Но Геро и не пытался её обмануть. Напротив, он вдруг решил признать эту свою природу, своего двойника и дать ему волю. Даже стать им. Он уступил без борьбы. Возможно, от того же искажающего избытка страданий, когда сама субстанция души и тела допустила в себя низкие качества, чтобы выжить.
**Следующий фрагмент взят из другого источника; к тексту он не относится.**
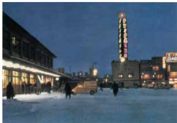
日本昔自動車風景 ～一枚の絵はがきから～ (文：高井 淳 氏／企画・製作：ノスタルヂ屋)

おそらく昭和30年代の後半～40年代の初め頃、青函連絡船（1988年3月に廃止）への乗り換え駅として機能していた時代がしのばれる青森県青森市の青森駅前です。路上の雪に映える駅舎と広告塔の灯。冷え冷えとした夜の街をことさらに強調する暖かそうな室内。雪国の冬を象徴する詩的な情景にマツダの軽三輪トラックK360が一台、点景として写り込んでいます。

Или, напротив, чтобы приблизить конец.
Возможно, Геро усмотрел в этом зеркальном отражении, кривобоком, смещённом, какой предстала она в паутине трещин, своеобразный путь к освобождению. Путь грязный, обходной, будто он совершил побег не по крышам, а полз по сточной канаве. Допустив этого двойника к себе, он рассчитывал на быстрое разрушение.
Весь следующий день он был пьян.
Герцогиня, всё ещё пребывая в собственном пограничном дурмане, не решаясь ни осудить, ни восхититься, а предпочитая сохранять приятную отстранённость, приняла решение не видеться с ним в последующие несколько дней.
Ей требовалось время. Она ещё не выбрала между оскорблённым достоинством благородной дамы и телесной сытостью самки. Ей необходимо было успокоиться, остыть, оценить случившееся хладнокровно, подобно бесстрастному дельцу или политику, чтобы своей горячностью не нанести ущерба. Она могла поддаться самолюбивой ярости и жестоко наказать его за дерзость. А затем так же внезапно об этом пожалеть.
Она должна отстраниться от чувств и суждений, как судья отстраняется от обвиняющих друг друга сторон. Ей необходимо подумать.
И пусть Геро также останется один. В этой её отстраненности есть уже толика угрозы. Ибо она не впервые наказывала его неизвестностью, тайной своих намерений. Поэтому она не отдала ставшего уже привычным распоряжения пригласить его к обеду, а затем к ужину.
Анастази, заметив её холодность, сразу насторожилась, как верный пёс, почуявший угрозу.
Герцогиня горько усмехнулась. Угрозу не госпоже, которая её обласкала и возвысила, а угрозу безродному мальчишке, чьи интересы её придворная дама, не таясь, ставила как выше своих собственных, так и интересов хозяйки.
Другие придворные так же насторожились — Дельфина, а с ней секретарь дю Тийе, заподозрили нечто противоположное и для них долгожданное. Фаворит в немилости. Он не приглашен в священные чертоги, возможно, и до изгнания не далеко. В их адрес герцогиня послала усмешку презрительную. Наивные слепцы. Как у них всё просто. Пусть их. Не допускать же их в своё сумрачное пограничье.
Ей приятно побыть там одной, упиться стыдом и воспоминаниями.
Однако, к вечеру герцогиня заметила, что Анастази по-прежнему встревожена. И как-то непривычно растеряна. Герцогиня воздержалась от вопросов, чтобы не выдать себя. Но утром допросила соглядатая. Тот так же был хмур и растерян.
Оказалось, что Геро, этот юный праведник, этот отрок библейский при дворе царя Вавилонского, выпил за обедом три бутылки вина! За ужином он так же пожелал запивать дичь неразбавленным кларетом.
Да, странно. Геро был очень сдержан и дары Вакха оставлял в небрежении, ограничиваясь несколькими глотками, да и то по настоянию соглядатая или лекаря, чтобы раздразнить аппетит. И вдруг — такая перемена.
Герцогиня выслушала донос молча, не ограничивая полномочий тюремщика. В конце концов, Геро вправе поступать так, как хочет. Это знак скорее благоприятный, знак его отступничества от прежних заблуждений, от добровольных вериг и аскезы. Так он мог показать ей, своей хозяйке, что желает перемен, желает обещанных радостей.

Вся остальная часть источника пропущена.